Андерсон аккуратно стянул с головы Барта резиновую шапочку и помог громоздкому толстяку подняться с кушетки.
— Не могу понять, что в этом противозаконного, — заметил Барт. — Все так просто.
— Что вы, причины для запрета таких процедур существуют. Контроль за численностью населения и тому подобное. В этом ведь есть толика бессмертия. Но главное — очень многие испытывают к таким процедурам сильное отвращение. Им трудно с ними смириться. Вы — человек редкого мужества.
«Дело вовсе не в мужестве, — подумал Барт. — А в удовольствии».
Ему не терпелось увидеть результат собственными глазами, и долго ждать не пришлось.
— Мистер Барт, познакомьтесь, это мистер Барт.
У него чуть не разорвалось сердце при виде собственного тела — вновь молодого, сильного и красивого — такого, каким оно давно уже не бывало. В комнату ввели, несомненно, его самого, только с плоским твердым животом, крепкими мускулистыми, но стройными бедрами, которые нигде не терлись друг о друга. В комнату, разумеется, его ввели обнаженным, Барт сам настоял на этом.

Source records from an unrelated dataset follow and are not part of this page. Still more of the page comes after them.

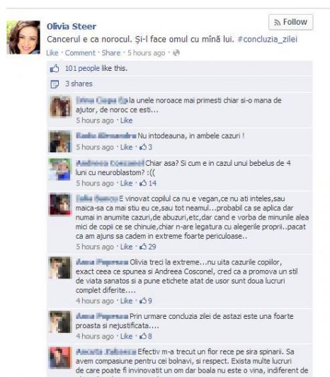 Olivia Steer a comis o imprudenţă care ar putea s-o coste, cel puţin în privinţa imaginii. Ea a scris marţi, pe pagina sa de Facebook, un mesaj bizar: "Cancerul e ca norocul. Şi-l face omul cu mâna lui".
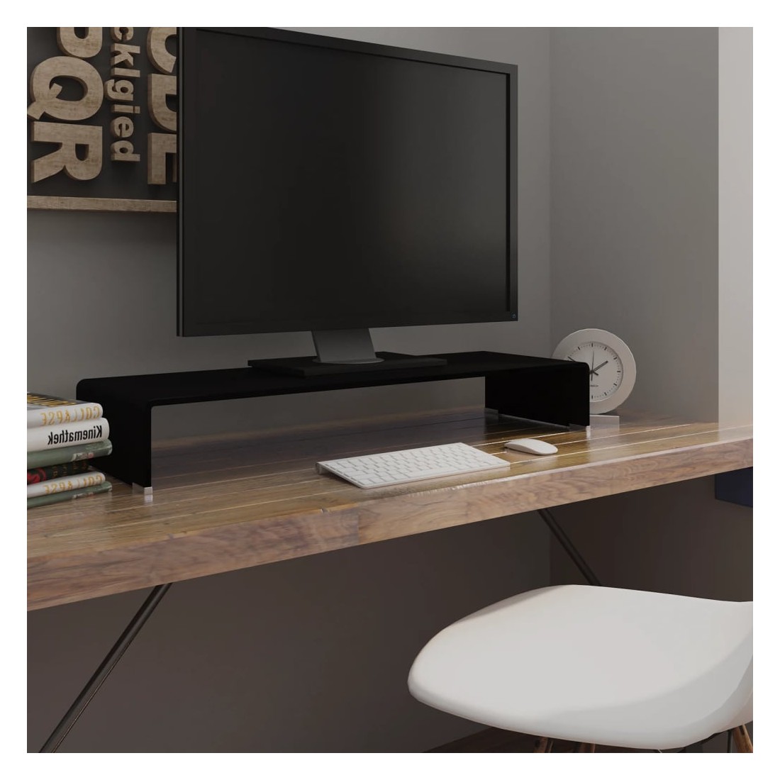 Ce support TV pratique est doté d'une construction en verre trempé. Le design élégant et profilé de ce meuble TV raffiné ajoutera une touche moderne à votre espace de vie. Cette étagère en verre peut être utilisée comme support TV ou support pour votre moniteur d'ordinateur, téléviseur, ordinateur portable et autres appareils multimédia. Avec une étagère en verre qui soulève le moniteur, vous aurez une meilleure vision de l'écran en étant confortablement assis, ce qui permet à réduire la tension et l'inconfort sur votre cou ou dos. L'espace en dessous peut accueillir votre lecteur de DVD, console de jeux, appareil de diffusion en continu, récepteurs et des supports média. Le cadre en verre est trempé pour ajouter de la résistance et de la sécurité. La surface lisse est facile à nettoye
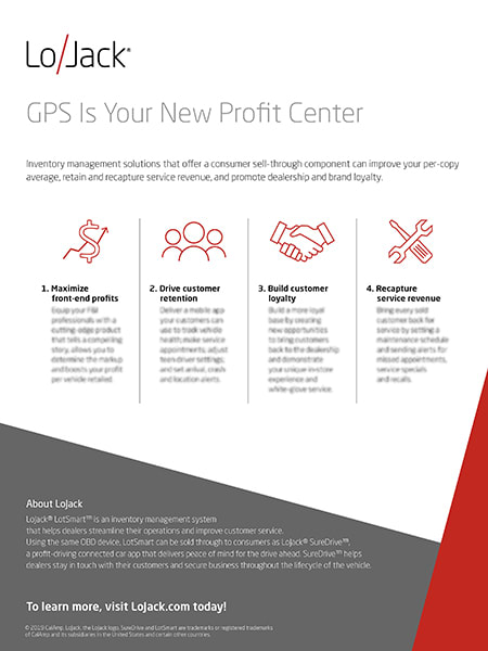 LoJack’s experts say adding a solution that features a sell-through component for F&I will improve that department’s per-copy average while providing customers a tool they can use to integrate their vehicle into their increasingly connected daily lives.
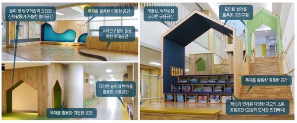 세종 솔빛숲유치원의 경우 주변 야산과 조화로운 공간 구성을 위해 목재 데크 등 친환경적 마감재를 다수 활용해 아이들이 자연 속으로 들어갈 수 있는 훌륭한 매개 공간으로 탄생했다.
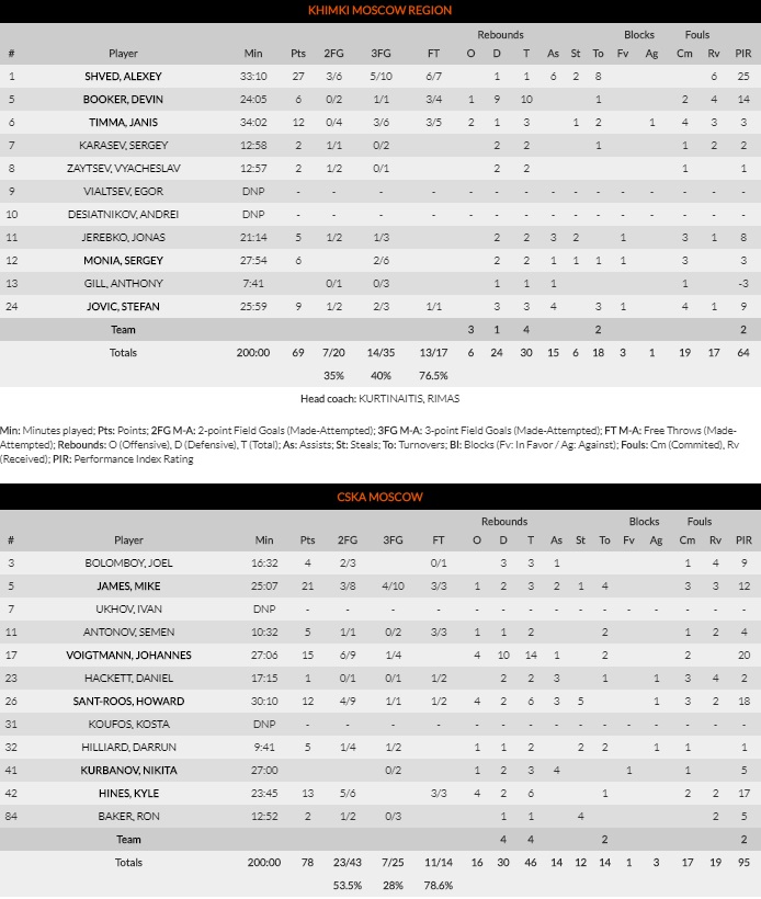 Ο Μάικ Τζέιμς ήταν ξανά το… πρώτο βιολί για την ΤΣΣΚΑ με 21 πόντους, ενώ ο Βόιγκτμαν είχε 15 πόντους και 14 ριμπάουντ. Ο Σαντ Ρος είχε κι αυτός πολύτιμη προσφορά στο παιχνίδι με 12 πόντους, 6 ριμπάουντ και 5 κλεψίματα.

Он попытался вспомнить, как все было в прошлый раз. Тогда он сам вошел сюда из испытательной комнаты и увидел перед собой невероятно толстого человека, который, как подсказала память, и был им самим. Барту припомнилось, что это было двойным удовольствием — любоваться на гору жира, в которую он сам себя превратил, в то же время сознавая, что сам он обитает теперь в другом, молодом и прекрасном теле.
— Подойди, — сказал Барт, и его голос прозвучал эхом голоса, раздавшегося в прошлый раз, когда те же самые слова произнес другой Барт.

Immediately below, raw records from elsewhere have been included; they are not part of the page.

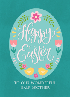 OUR Half Brother Easter Egg with Flowers Chicks and Hand Lettering
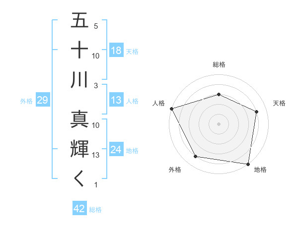 五十川 真輝くさんの人格は13画の5点!
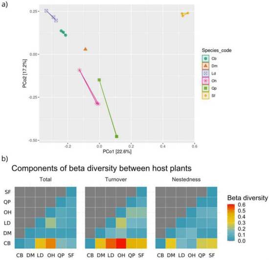 Figure 16. Metrics of beta diversity of the endophytic fungal community associated with six Cerrado woody plant species. In (a), Principal Coordinate Analysis (PCoA) derived from the Bray–Curtis distance is shown. The percentage of variation explained by the plotted principal coordinates is indicated at the X and Y axes. The colored symbols indicate the grouping of the fungal communities from each host plant species. In (b), the heatmap showing the paired comparisons obtained from the Sorenson index and its components (total, turnover, nestedness) of the community of endophytic fungi isolated from six plant species are shown. The X axis and the Y axis show the analyzed host species. The values obtained in each of the components of the Sorensen index are presented in a color scale: blue = minor; red = highest. CB: Caryocar brasiliense; DM: Dalbergia miscolobium; LD: Leptolobium dasycarpum; OH: Ouratea hexasperma; QP: Qualea parviflora, and SFf: Styrax ferrugineus. Figure created with R software version 4.1.1. using the “ggplot2” package.
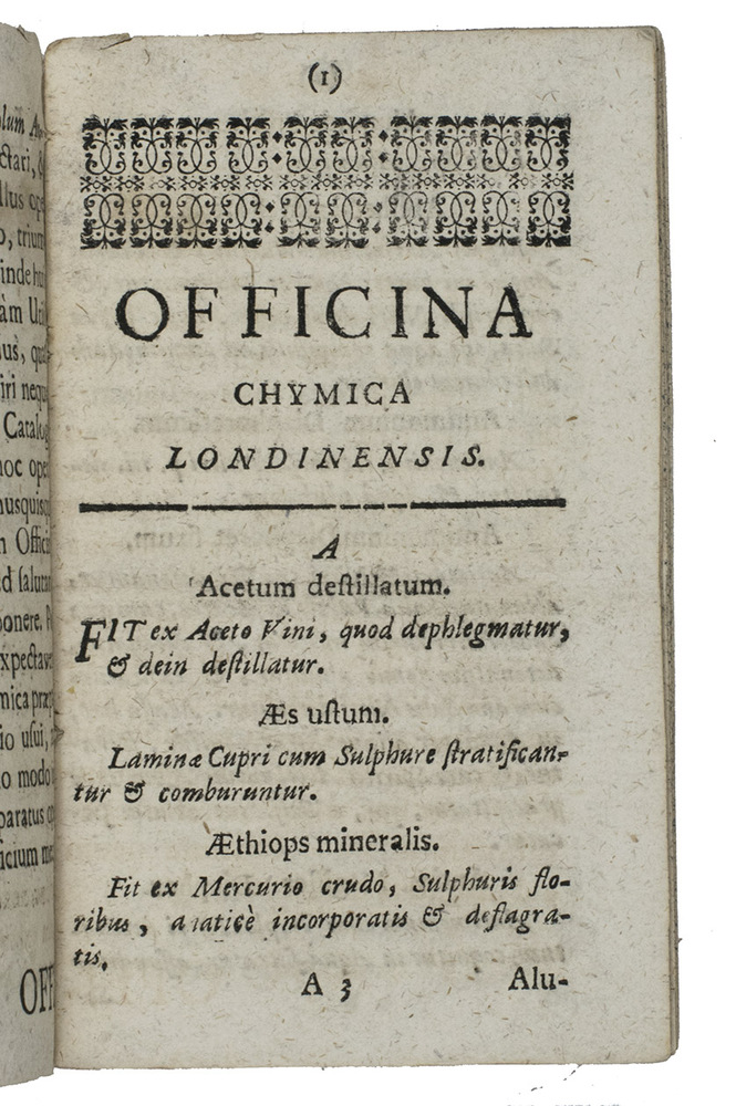 Officina chymica Londinensis, sive exacta notitia medicamentorum spagyticorum, quae apud aulam Societatis Pharmaceuticae Londin. Praeparantur, & venalia prostant ... Editio tertia juxta exemplar Londini.
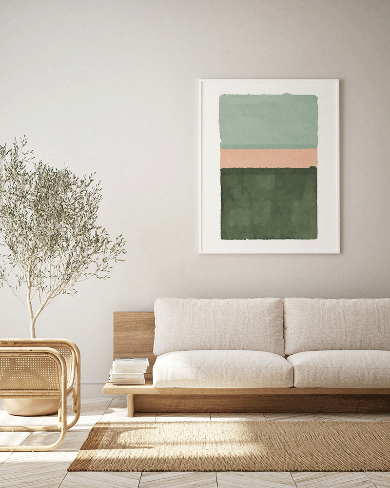 Abstract in Green and Salmon Pink
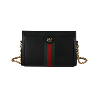 2019 프리폴 컬렉션에서 선보이는 새로운 컬러의 체인 스트랩 오피디아 숄더백. 화이트 가죽 텍스처에 블루/레드 웹(Web) 스트라이프 인레이. 마그네틱 잠금장치와 아카이브에서 차용한 더블 G 하드웨어로 마감.

И точно так же, как и тот, другой, Барт, он прикоснулся к обнаженному телу юного Барта, погладил великолепную гладкую кожу и обнял его.

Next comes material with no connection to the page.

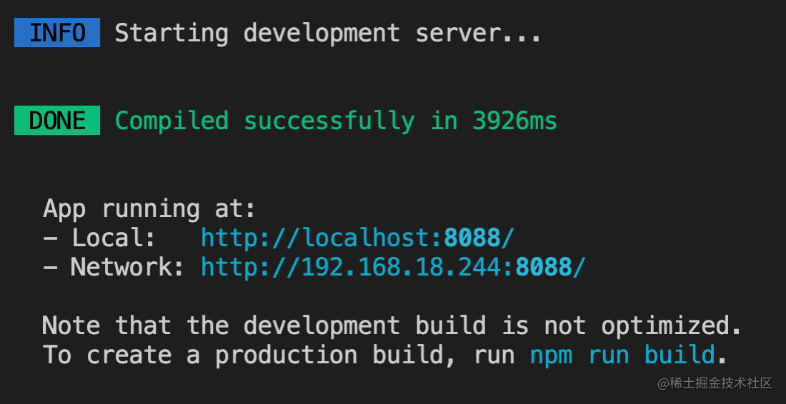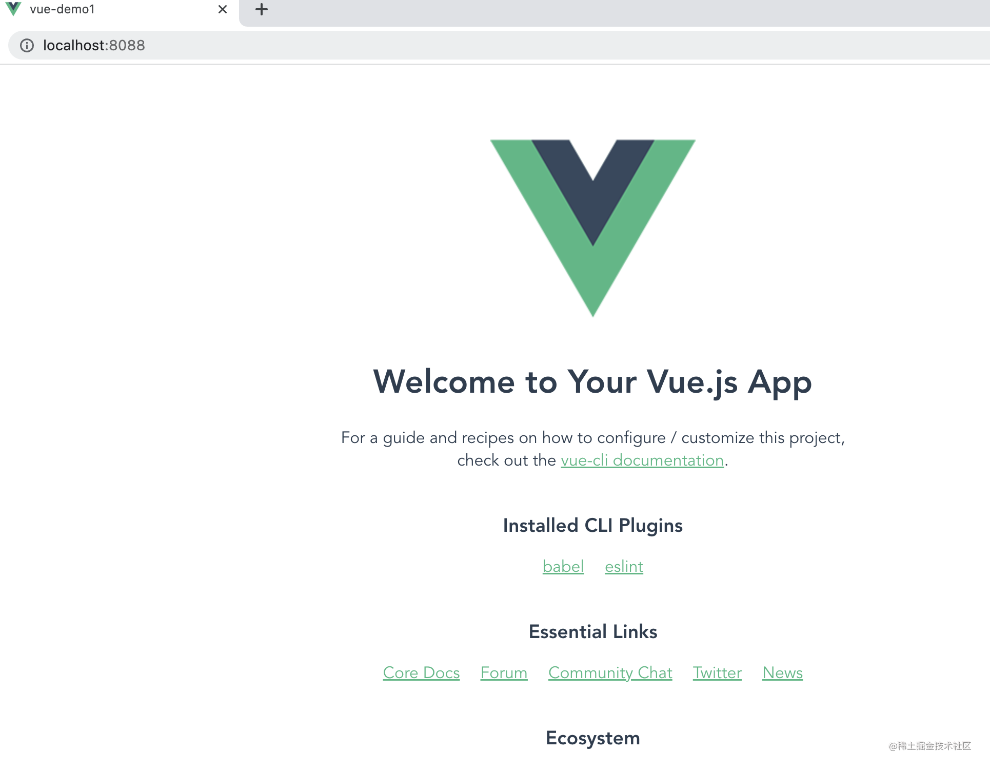 安装完之后进入到 vue-demo1 目录,执行 npm run serve 把开发服务跑起来。

И молодой Барт тоже его обнял, потому что так уж заведено. Никто не любил Барта сильнее, чем сам Барт, не важно, худой он или толстый, молодой или старый. Жизнь Барта была праздником, и собственный образ стал его самой большой ностальгией.
— О чем я думал? — спросил Барт.
Юный Барт с улыбкой посмотрел ему в глаза.
— О Линетте, — ответил он. — О том, как она стоит обнаженной на скале, где дует ветер. И еще о том, что она может упасть и погибнуть.
— Ты вернешься к ней? — жадно спросил Барт свою молодую ипостась.
— Возможно. Или найду другую, похожую на нее.
И Барт с восторгом заметил, что от одной только мысли об этом его юную ипостась охватило немалое возбуждение.
— Годится, — сказал Барт, и Андерсон протянул ему на подпись кое-какие документы — бумаги, которые никогда не попадут в суд, поскольку в них говорилось, что Барт дает согласие и является инициатором действия, расценивающегося любым судом в любом штате наравне с убийством.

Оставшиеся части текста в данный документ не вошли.